According to the strict Carthusian distinction between contemplation and work, there are two distinct places for these practices: on the one hand the peaceful cloisters, the library with its fine Vietri ceramic tiled floor, the chapels decorated with fine inlaid marble works. The altar frontals in most of the chapels are inlaid, not with marble, but with some of the most spectacular 18th. century scagliola work ever created. This is the highest concentration of such work in one place. One of the centres of production was in Naples. the cloister orchards; and on the other hand the large kitchen, the cellars with their enormous wine vats, the laundries, and the huge external yards, where there were people working in the stables, ovens, stores, and at the olive oil mill. The yards were used for productive activities and for trade between the charterhouse and the external world.

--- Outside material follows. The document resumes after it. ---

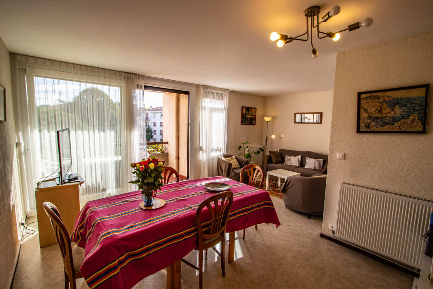Dans le séjour, un canapé-lit convertible, confortable, pour deux personnes. Grande table avec chaises, deux fauteuils et un salon de jardin sur le balcon, cuisine aménagée, salle d’eau avec baignoire. WC indépendant.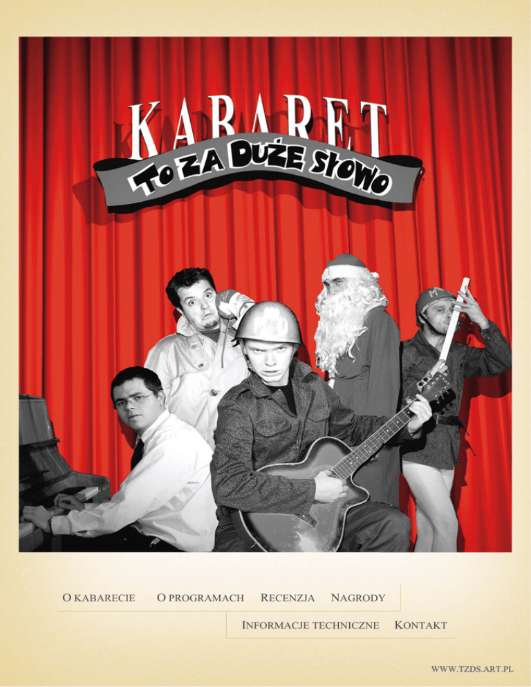O KABARECIE O PROGRAMACH RECENZJA NAGRODY INFORMACJE TECHNICZNE KONTAKT WWW.TZDS.ART.PL O KABARECIE Jako kabaret zadowalamy wszystkich. Zarówno naszych zwolenników jak i zatwardziałych antagonistów. Wygraliśmy kilka imprez ku uciesze tych pierwszych, natomiast tych drugich zadowoliliśmy nie wygrywając kilku innych. Obie grupy są nam bardzo za ten fakt wdzięczne. Wielu zadaje sobie pytanie dlaczego robimy kabaret. Możemy na nie odpowiedzieć w sposób jednoznaczny i nie budzący niezdrowych emocji. Odpowiedź jest prosta - przyczyn jest wiele. Stanowimy grupę ludzi różnych od siebie, jak i różnych jako grupa od wszystkiego wokół. N AGRODY Kabaret „To za Duże słowo” jest laureatem wielu festiwali kabaretowych. I nagroda przeglądu kabaretów PaKA, Kraków 2004 Ponadto kabaret otrzymał: - nagrodę publiczności - nagrodę za najlepszy rekwizyt - nagrodę specjalną - wyróżnienie aktorskie dla Daniela Sędy I nagroda Kabaretowej Ligii Dwójki (TVP2), Kraków 2005 I nagroda kabaretowego festiwalu pozytywnej kultury Studenckiej Wrocek 2004 Ponadto kabaret otrzymał: - nagrodę publiczności I nagroda na IX Ogólnopolskim Festiwalu Sztuki Słowa „Czy to jest kochanie..?”, Elbląg 2005 WWW.TZDS.ART.PL O PROGRAMACH Program „We mgle po łydki” – czas trwania: ok. 40 minut Kabaret TzDs powstał w palarni Wydziału Nauk Społecznych Uniwersytetu Śląskiego w lutym 2003 roku. Dokładnie. Skutkiem tego palaczami są bohaterowie naszych skeczy, a także nasza muszka maskotka, którą można spotkać na stronie internetowej kabaretu www.tzds.art.pl. Kabaret TzDs wyszedł z okopów, ale dalej jest na offie. Takim demonstracyjnym offie ze skreczami. A na PACE jak raz przypadkowo straciliśmy orientację, to od razu nas wrobili w jakieś nagrody. Trzeba uważać. Lubimy Martynę Jakubowicz za niezły float, hip-hop life style za dystans, filmy Davida Lynch’a za lekkość przekazu i Szopena za hardcore formy. W wolnych chwilach jesteśmy zapalonymi zielarzami. A niektórzy z nas kiszą, ale nie kapustę. Nie lubimy clubbingu, chyba ze podlewany bograczem w sosie a’ la Masłowska. Program „Za Drzwiami” – czas trwania: ok. 30 minut Czy można wierzyć, że istnieje granica oddzielająca życie na scenie od codziennego bytu? Poznać siebie w innej rzeczywistości? Czy żyjemy w stanie simulacrum? Dlaczego krowa daje mleko? Czy media kreują rzeczywistość? Dlaczego drzwi się nie domykają? Na te i inne pytania może znajdziesz odpowiedź oglądając nowy program kabaretu To za Duże słowo. Gdy dzień niszczy noc, a noc dzieli dzień zostaje nam tylko jedno wyjście. Program „MIX” – czas trwania: ok. 80 minut MIX to kompilacja „We mgle po łydki” oraz „Za Drzwiami” wzbogacona nowymi skeczami, które powstają na potrzeby trzeciego programu o roboczym tytule „Testament”. Czyli spodziewać się należy czegoś w rodzaju "best-off", ale bardziej "off" niz "best". WWW.TZDS.ART.PL R ECENZJE Recenzja Wyższej Szkoły Promocji w Warszawie Program „We mgle po łydki”, 10 maja 2004 Kabaret To za Duże słowo powstał 2 lata temu. Mimo tak niewielkiego (z racji czasu istnienia) doświadczenia radzi sobie całkiem dobrze. Najlepszym tego dowodem jest zajęcie pierwszego miejsca na XX Przeglądzie PaKA 2004. Kabaret TzDs ma na swoim koncie także wiele wyróżnień i atrakcyjnych nagród oraz dowodów uznania konkurencji. W skład kabaretu wchodzi pięciu utalentowanych studentów różnych wydziałów. Każdy z nich jest indywidualistą i specjalistą w swojej dziedzinie, ale mimo to na scenie tworzą zgrany zespół. Program, który prezentują, jest dość zróżnicowany, ale mimo to bardzo spójny. Zastosowano tu coś w rodzaju miksowania, które robi świetne wrażenie na widzach. Nie zdradzę, czego dotyczyły skecze, ale przeglądając biografię każdego z aktorów, umieszczoną na ich stronie, można dostrzec związek tematyki poruszanej w skeczach z życiem poza sceną. Podsumowując - mamy do czynienia ze świeżym, intrygującym programem, który jest wynikiem połączenia sprawności intelektualnej, okraszonej humorem, i przyzwoitej gry aktorskiej. Najlepszą rekomendacją powinien być werdykt zacnego jury PaKI 2004. Dominik Markowski WWW.TZDS.ART.PL I NFORMACJE TECHNICZNE Kabaret stosuje w obu programach wyciemnienia. Wymagania dotyczące oświetlenia: - światło białe sceniczne - światło czerwone sceniczne - reflektor punktowy - możliwość wyciemnienia sceny Wymagania dotyczące nagłośnienia: - 4 mikrofony dynamiczne na statywach - 2 mikrofony pojemnościowe - 1 mikrofon dynamiczny bezprzewodowy - przynajmniej jeden sceniczny monitor odsłuchowy - nastrojone i nagłośnione pianino/fortepian, ew. keyboard (6 oktaw + pedał) - linia do gitary akustycznej (jack) - odtwarzacz CD Pozostałe wymagania techniczne: - 2 popielniczki, nóż, talerz, widelec - dwie butelki/puszki z piwem - cztery krzesła oraz stolik na scenie - opona samochodowa bez felgi - oświetlone lampką kulisy (zastawki sceniczne) - garderoba, a w niej napoje zimne i gorące K OSZT Koszt występu jest niezależny od jego długości. Maksymalny czas trwania występu to 80 minut. Występy biletowane: Występy zamknięte, formowe: 2 tys. zł. brutto (UoD) + koszty podróży 3 tys. zł. brutto (UoD) + koszty podróży K ONTAKT Więcej informacji na stronie internetowej: www.tzds.art.pl TADEUSZ DULIAN, menadżer 501 263 565 [email protected] MACIEJ MICHALSKI, członek kabaretu 600 264 747 [email protected] WWW.TZDS.ART.PL

The monastery also houses the archaeological museum of Western Lucania, which preserves a collection of all the finds unearthed in the excavations at the necropolis of Sala Consilina and Padula. This museum represents a period of time ranging from protohistory to the Hellenistic Age.

The building has also played a role in the military history of Italy. It served as French headquarters during the Napoleonic Wars, then as a base of Garibaldi's Southern Army during the Risorgimento, finally, as an internment camp for prisoners during the World War 1 and World War 2. It was here that the Czechoslovak Legion in Italy was established in 1917.